TandemTrack: Combining Smartphones and Smart Speakers

Yuhan Luo
Sparks of Innovation: Stories from the HCIL
6 min readMay 18, 2020

Shaping a consistent exercise experience by complementing a mobile app with a smart speaker.

This article summarizes our CHI 2020 paper on Shaping Consistent Exercise Experience by Complementing a Mobile App with a Smart Speaker, by Yuhan Luo, Bongshin Lee, and Eun Kyoung Choe.

The TandemTrack app and Alexa skill.

Voice interaction has been rapidly integrated into people’s daily life in recent years, especially with the introduction of smart speakers such as Amazon Echo and Google Home. As a result, the number of third-party applications for smart speakers has been growing consistently. Taking Amazon Alexa as an example, the device provides numerous “skills” for many kinds of activities. In particular, skills listed under “Health & Fitness” support in-home exercise training (e.g., 7-minute Workout, 30-day Push-up Challenge, etc).

As of May 2020, more than 2,000 Alexa skills are listed under the “Health & Fitness” category.

In delivering in-home exercise training, smart speakers have the following advantages:

  1. The hands-free interaction can lower the burden of capturing exercise data during exercise.
  2. The voice reminder can be more noticeable than mobile notification in the home where people do not always carry their phone.
  3. Smart speakers’ lack of mobility can aid in creating exercise routines in a consistent location.

The downside of smart speakers is the limited visual feedback it can provide for an exercise session. Mobile fitness apps (e.g., Nike Training Club, SWORKIT, etc), on the other hand, provide a rich visual interface but lack the hands-free convenience that the voice interaction can provide.

Given the pros and cons of the smart speaker and the mobile phone, we examined how the two devices can complement each other in supporting consistent exercise at home. Incidentally, this is an activity that is increasingly important in quarantine times such as these where many people around the world are confined to their homes.

TandemTrack

We designed and developed TandemTrack, a multimodal system coupling a mobile app — the TandemTrack app — and an Amazon Alexa skill — the TandemTrack skill. To situate people to interact with a smart speaker and a mobile app in a simple exercise context, the two modalities support the same key features: an exercise regimen alternating between sit-ups and push-ups, data capture for exercise performance, exercise feedback, and daily reminders.

Exercise Flow

The entire exercise session on TandemTrack lasts for three minutes and 30 seconds, including three exercise sets (either sit-up or push-up) and two breaks in between. Each set lasts for 30 seconds and each break lasts for 60 seconds.

Let’s look at the exercise flow on the TandemTrack skill: the user receives a reminder, tells Alexa to open the TandemTrack skill, then uses the voice command “start trainer” to start exercise.

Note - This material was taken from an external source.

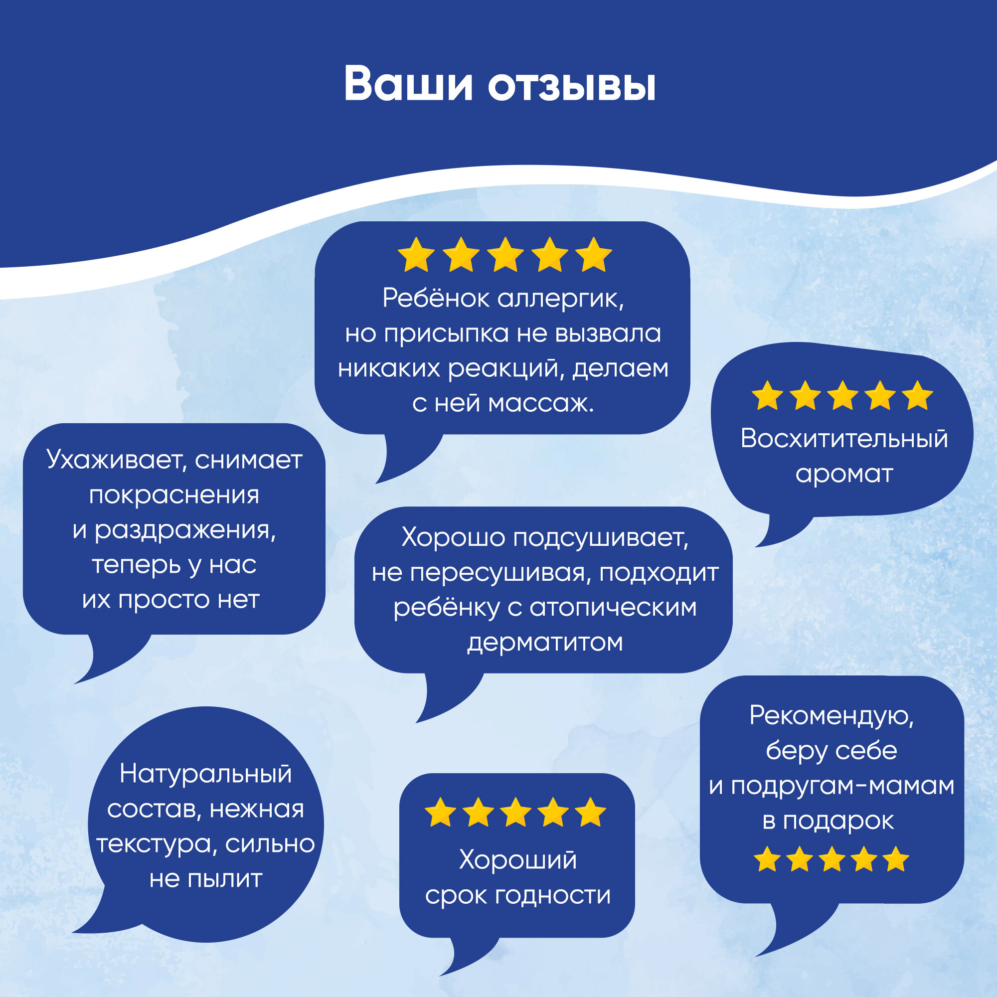 | Отзыв: | В состав присыпки входят исключительно натуральные компоненты, которые помогают сохранять кожу сухой.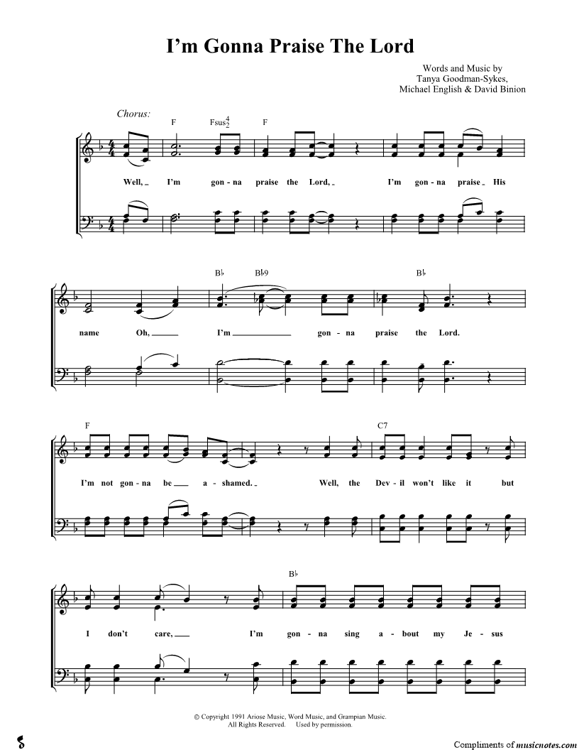 Well, I'm gonna praise the Lord, I'm gonna praise his name |

The exercise flow on the TandemTrack Alexa skill.

By the end of each set, the TandemTrack skill prompts the user to speak out their sit-up or push-up repetitions and takes their voice responses as input. When the user completes all three sets, the TandemTrack skill records their exercise information and gives a confirmation message: “today’s training is completed, you’ve done a total of X sit-ups/push-ups. Great job!

On the TandemTrack app, the exercise flow is similar: the user first receives a mobile notification, then opens the app to start exercising.

The exercise flow on the TandemTrack mobile app.

Exercise Feedback

With the TandemTrack skill, people can ask general questions about their exercise using voice commands such as “how was my workout?”, or specific questions such as “how many push-ups did I complete yesterday?

On the TandemTrack app, the interface presents several visualizations on people’s exercise data, including their daily exercise repetitions (A), a summary of longest streak and total workouts (B), and a series of aggregated data — exercise streak view (C1), sit-up progress (C2), and push-up progress (C3).

Exercise feedback on the TandemTrack mobile app.

The Four-Week Field Study

To examine the added value of a smart speaker to a mobile app in supporting in-home exercise, we conducted a four-week study with 22 participants. Half of the participants only used the mobile app, while the other half used both the mobile app and Alexa skill .

Throughout the four weeks, we found no significant difference between the two groups regarding their completed exercise sessions, longest streak and average streak, which led us to further examine how participants used the TandemTrack app and the skill to exercise.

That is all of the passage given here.